Figure 3 shows the tracking results of different algorithms when the target undergoes heavy occlusion, illumination variation, background clutter, rotation, scale change, fast motion, and motion blur.
Fig. 3
Fig. 3

Tracking results of different algorithms. a FaceOcc2. b Woman. c Shaking. d Singer1. e Deer f Board. g Trellis. h Walking2. i Girl. j Jumping. k Human8. l Car4

3.1.1 Occlusion and illumination variation

In order to demonstrate the anti-occlusion and anti-illumination-variation performances of the proposed algorithm, some challenging video sequences are used in this experiment. Especially in (a) FaceOcc2 and (b) Woman sequences, the targets are heavily occluded or long-time partial occluded. However, the proposed algorithm can extract the targets accurately. The reason is that the local detection strategy for occlusion and illumination changes as well as the adaptive template update scheme are employed, which can easily describe and detect the variations of the local details of the targets and help to decrease the influence of the disturbances including occlusion, illumination change, rotation, etc. Moreover, the Gaussian kernel density of the patches is considered in the CKPF, which considers the global information of the local patches, improving the tracking performance. Taking the 181th, 273th, and 659th frames in FaceOcc2 sequences as examples, the target is occluded heavily by the book and the hat; the proposed algorithm has the highest tracking accuracy. In the 127th, 172th, and 495th frames in the Woman sequences, the target is partial occluded by the car and disturbed by the background clutters; some of the benchmark algorithms cannot estimate the target accurately with heavily position drift, while the proposed algorithm can successfully track the target throughout the entire sequences.

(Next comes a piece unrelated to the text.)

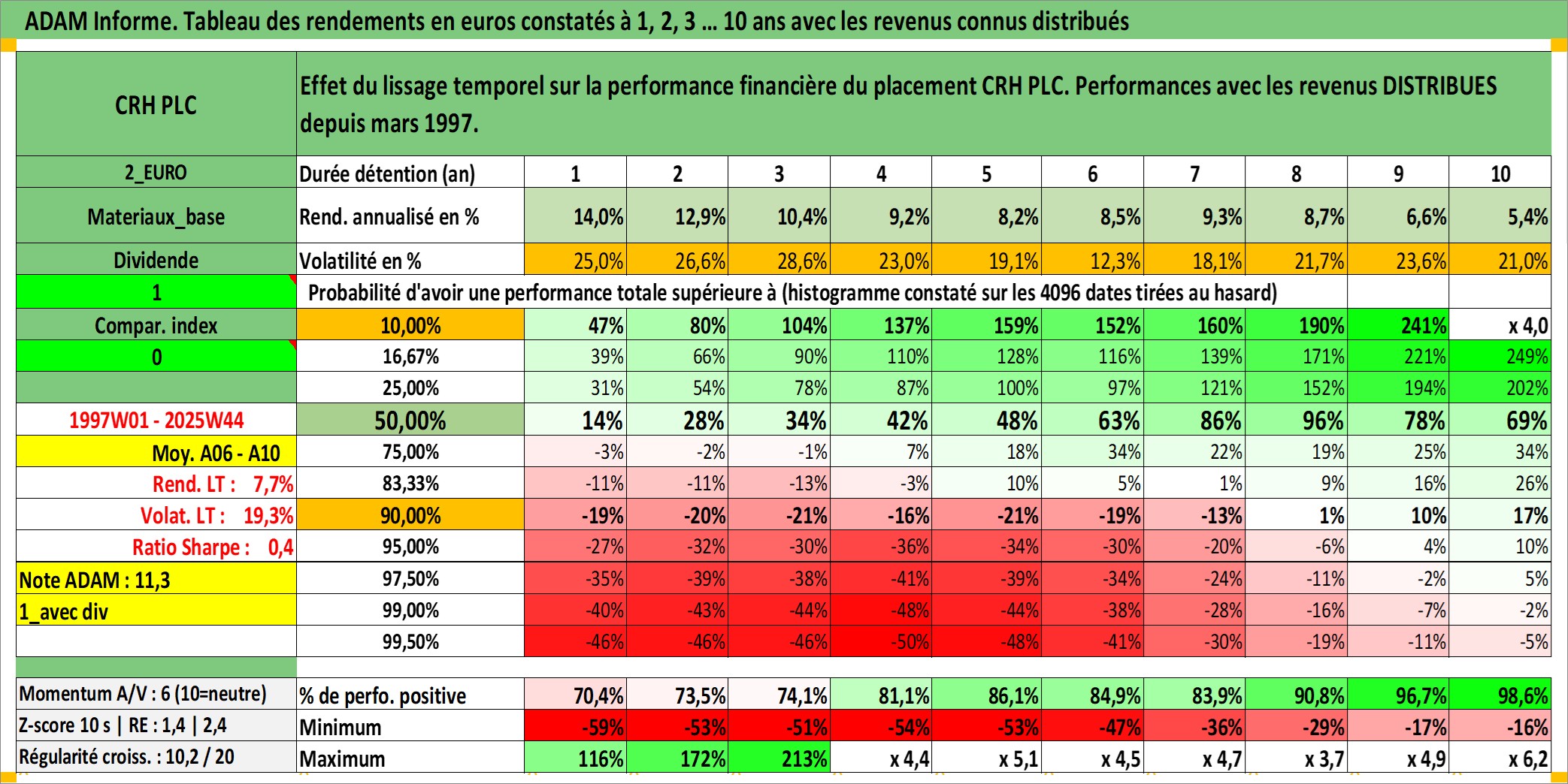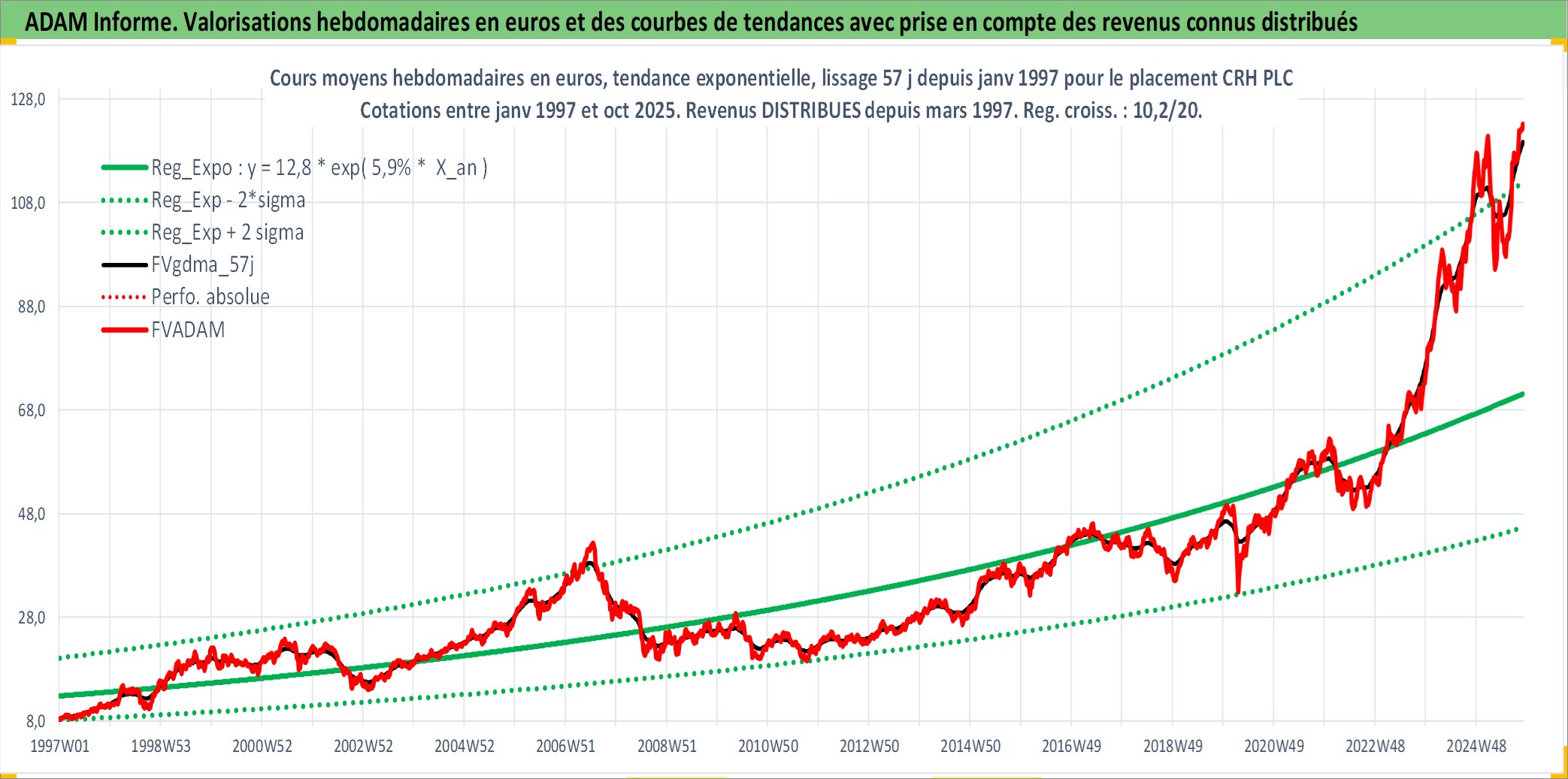 Site dédié aux investisseursPage dédiée sur site financeAnalyse des valorisations hebdomadaires de l'action CRH PLC. Cet actif est cote en USD. Les valorisations sont en contrevaleur EURO et couvrent les semaines 1997W01 a 2025W44. Les revenus de cet actif financier sont pris en compte depuis la semaine 1997W11. La note ESG de cet actif n'est pas connue.
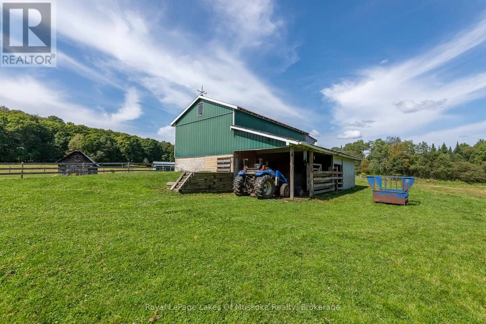 Hwy 11 to Stephenson Rd 12 to Domtar Rd (right turn) to left of North Lancelot to #214 SOP. Breathtaking picturesque hobby farm or working livestock farm, you choose. Previous owner had cows, horses, pigs and chickens and current owner had a small cattle farm...and of course a donkey. The creek on the property takes you into Siding Lake by canoe or kayak and there is a dock to sit by the water. This property boasts a spectacular waterfall in the spring and early summer. Trails throughout over your lovely little creek (new bridge in 2023). Square timber log home is 3 bedrooms, 2 bathrooms and walk out basement and an attached carport. If you are needing a larger home, there is plenty of room to add on. Outbuildings include hay barn 100' x 40', Super Structure Pack Barn 60' x 30' with cement floors, cement feed mangers from one end to the other, heated office inside with water supply and heated water bowl, little barn built in 1985, 2 horse stalls and a chicken coop 30' x 20', building for tractors etc. The historic little shed currently used as a wood shed has been shored up and created a lovely vista over your 25 acres of fenced pasture. This property is one of a kind and is located only 10 minutes from the vibrant and growing year round community of Huntsville and a few minutes drive to Highway 11 access. Owners heat primarily with wood but there is a newer forced air propane furnace, fiber optics to be installed in spring of 2025, and all of the amenities you crave close by. The home and all outbuildings are nestled well back from this quiet year round road and school bus route. There is a showing video, iguide virtual walkthrough and an attached link showing the beautiful waterfall on the property. (id:27476)

In (c) Shaking and (d) Singer1 sequences, there exists large illumination variation, and partial scale change, the benchmark algorithms FRAG, IVT, MTT, and CT cannot extract the target correctly following with heavily drift. LSK and MIL have good estimated results, but the proposed algorithm and the VTD approach have better tracking results. For the VTD algorithm, the observation model is decomposed into multiple basic observation models that can cover different specific target appearances, which can adapt to the illumination changes; however, it is hard to deal with the scale variation problem of the target while the proposed algorithm can do it adaptively. Therefore, in the Singer1 sequences, its tracking results are worse than those of the proposed algorithm due to the scale variation of the targets.

3.1.2 Background clutter

In the video sequences of (f) Board, (e) Deer, and (c) Shaking, the targets are disturbed by some background clutters, especially in Board sequences; the background is complex and there exists partial target rotation and fast motion. L1APG, MTT, and IVT cannot extract the target correctly due to the use of the fixed global model, while the proposed algorithm employs the local patch features to describe the details of the target, and the LC-KSVD method is introduced to learn dictionaries and train the classification parameters simultaneously, which can decrease the influence of the background disturbance. In the 42th frame of the Deer sequence, there is another deer in the background. Most of the algorithms have the results with largely drift due to the clutter disturbance. However, the proposed algorithm obtains an accurate result; the reason is that the set of background models is considered simultaneously and effectively updated in the tracking process.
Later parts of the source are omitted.